SOURCE MATERIAL:
.....

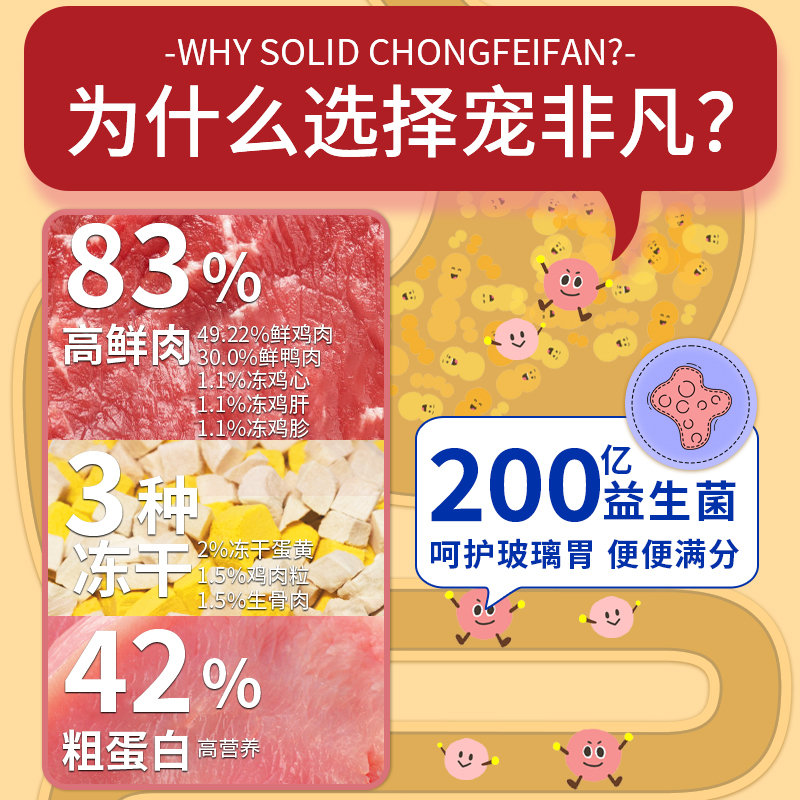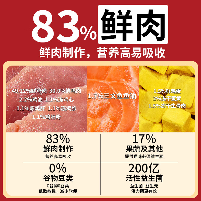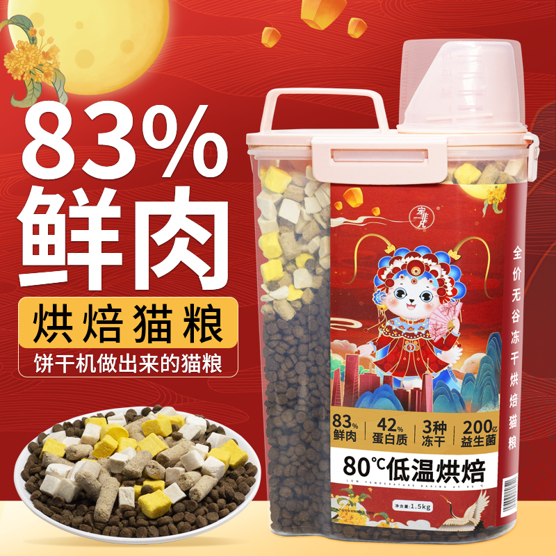 宠非凡 83%鲜肉 烘焙饼干猫粮1.5kg添加200亿益生菌 幼猫成猫全期无谷鲜肉烘焙猫粮冻干
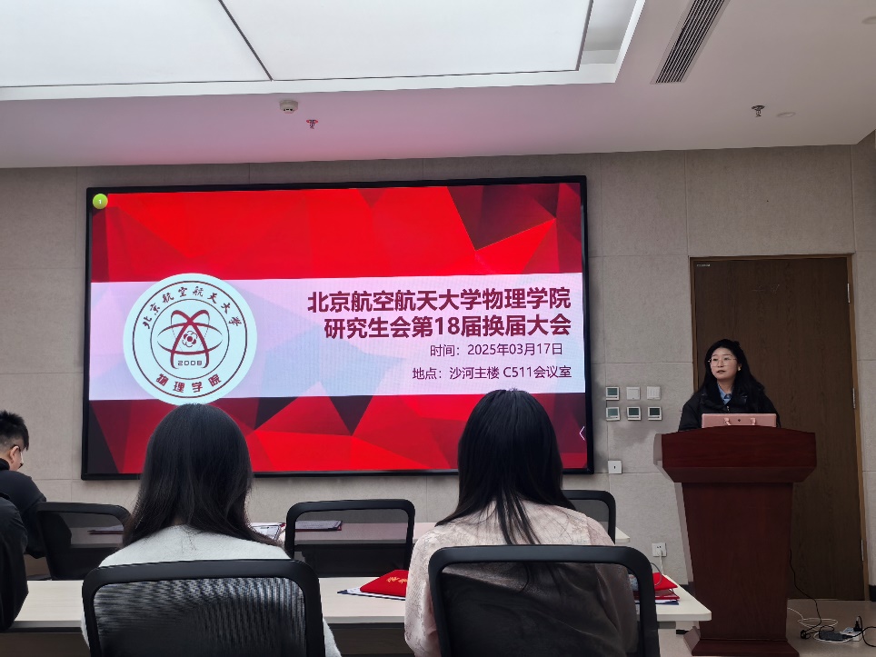 2025年3月13日上午10时,北航物理学院第四次研究生代表大会在沙河校区主楼C511会议室召开。出席会议的有北航研究生会主席团成员马钰涵、物理学院2022级硕博辅导员谢雨希、物理学院研究生会现任主席团成员杨乔锋、王孝龙以及众多研究生代表。会议由物理学院研究生会王振宇主持。
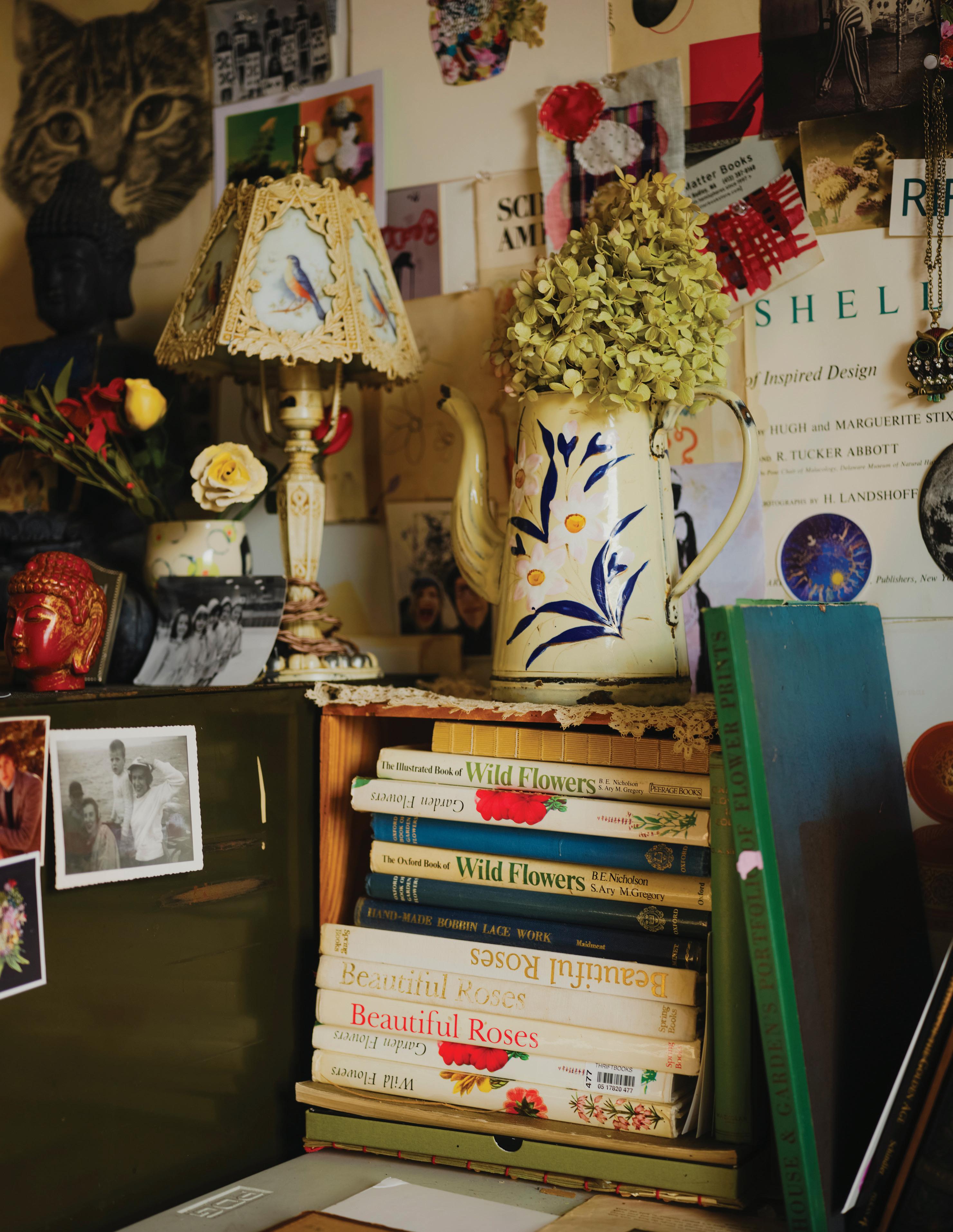 age 20. A place where I can build a giant still life with dried blossoms and the branch of a willow tree. Mine to display vintage teapots and antique flower paintings in chipped gold and silver painted frames. A place to leave my tables covered in clippings taken from old botanical encyclopedias and quilt pattern books. A space to make messy drawings of swirling seaweed that I hate and hide in between stacks of books until I’m ready to work on them again. A place to make big collages that I don’t tell anyone about if I don’t want to. A place where I can become mesmerized by a top-heavy mullein plant growing in the cracks of the sidewalk outside my window, so much so that I make them a regular part of the visual vocabulary in my work.
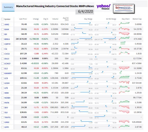 Manufactured Housing Industry Investments Connected Closing Equities Tickers
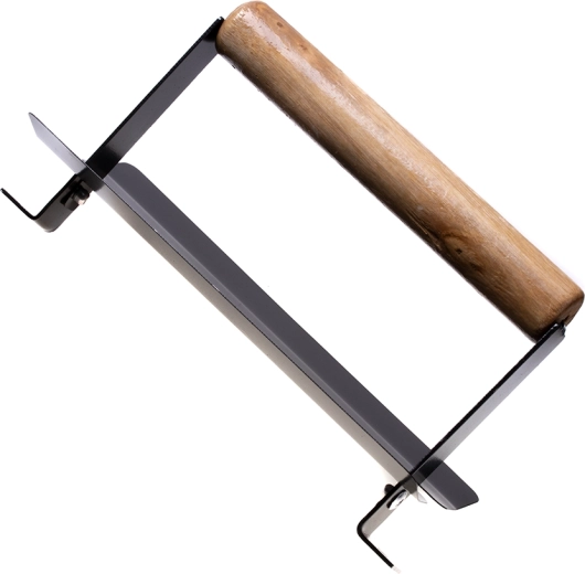 Tvirta medinė rankena su terminiu skydeliu saugo rankas nuo karščio ir palengvina įkaitusio kamino valdymą.
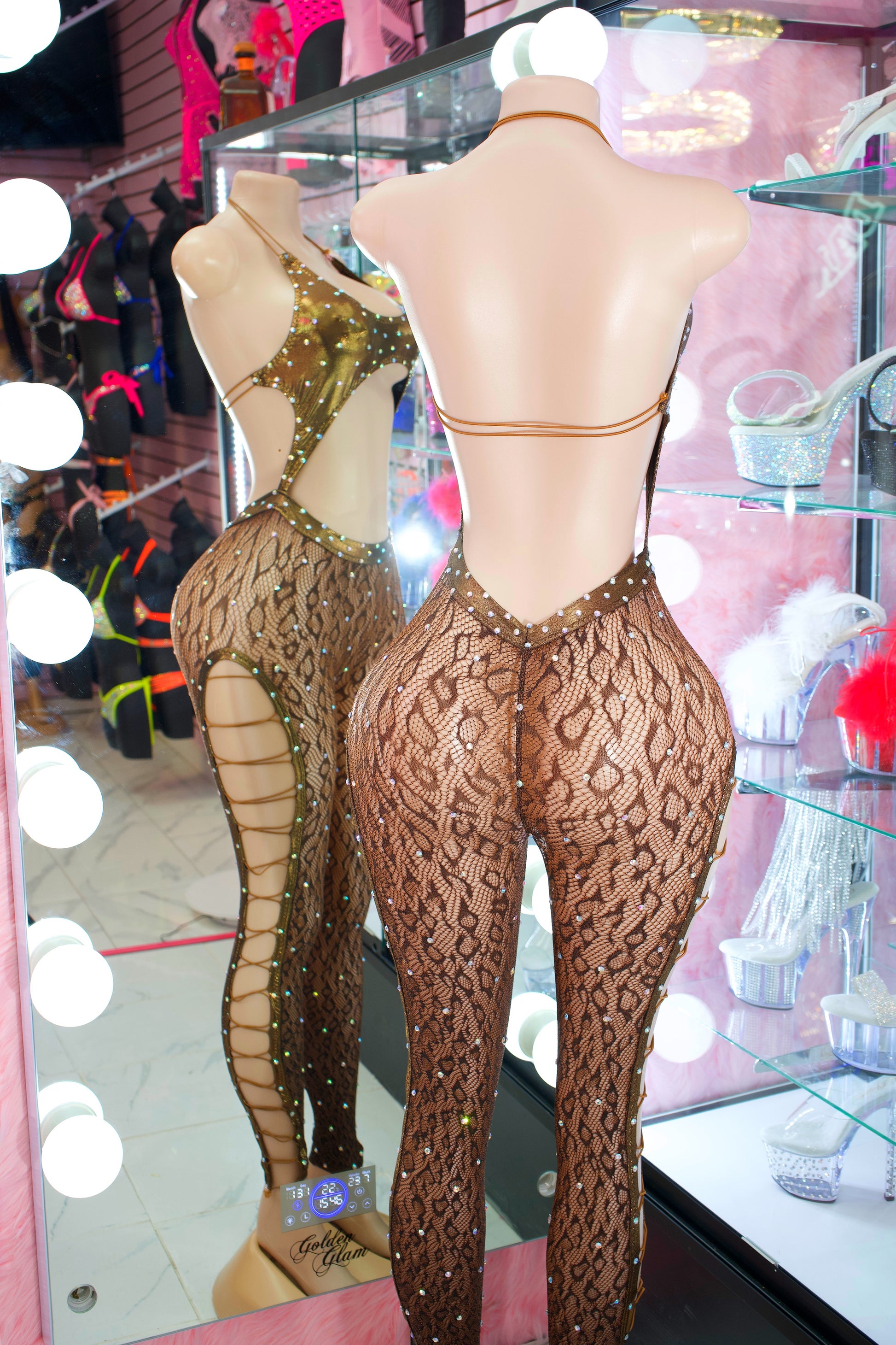 Saca a relucir tu lado más salvaje con nuestro mono con cordones y aberturas en bronce salvaje . Este sensual mono de una pieza presenta un top halter en bronce brillante con una abertura frontal audaz que realza tus curvas, combinado con pantalones largos de encaje con estampado animal que se ajustan a cada centímetro. Las tachuelas de pedrería captan la luz desde todos los ángulos, mientras que los detalles de cordones laterales atraen todas las miradas. Este es el look definitivo para bailarinas que buscan causar sensación y dejar atónitas.

.....

TASK INSTRUCTIONS: Give every line of the records above again, exactly, and omit the pictures.

COMPLETED TASK:
 宠非凡 83%鲜肉 烘焙饼干猫粮1.5kg添加200亿益生菌 幼猫成猫全期无谷鲜肉烘焙猫粮冻干
 2025年3月13日上午10时,北航物理学院第四次研究生代表大会在沙河校区主楼C511会议室召开。出席会议的有北航研究生会主席团成员马钰涵、物理学院2022级硕博辅导员谢雨希、物理学院研究生会现任主席团成员杨乔锋、王孝龙以及众多研究生代表。会议由物理学院研究生会王振宇主持。
 age 20. A place where I can build a giant still life with dried blossoms and the branch of a willow tree. Mine to display vintage teapots and antique flower paintings in chipped gold and silver painted frames. A place to leave my tables covered in clippings taken from old botanical encyclopedias and quilt pattern books. A space to make messy drawings of swirling seaweed that I hate and hide in between stacks of books until I’m ready to work on them again. A place to make big collages that I don’t tell anyone about if I don’t want to. A place where I can become mesmerized by a top-heavy mullein plant growing in the cracks of the sidewalk outside my window, so much so that I make them a regular part of the visual vocabulary in my work.
 Manufactured Housing Industry Investments Connected Closing Equities Tickers
 Tvirta medinė rankena su terminiu skydeliu saugo rankas nuo karščio ir palengvina įkaitusio kamino valdymą.
 Saca a relucir tu lado más salvaje con nuestro mono con cordones y aberturas en bronce salvaje . Este sensual mono de una pieza presenta un top halter en bronce brillante con una abertura frontal audaz que realza tus curvas, combinado con pantalones largos de encaje con estampado animal que se ajustan a cada centímetro. Las tachuelas de pedrería captan la luz desde todos los ángulos, mientras que los detalles de cordones laterales atraen todas las miradas. Este es el look definitivo para bailarinas que buscan causar sensación y dejar atónitas.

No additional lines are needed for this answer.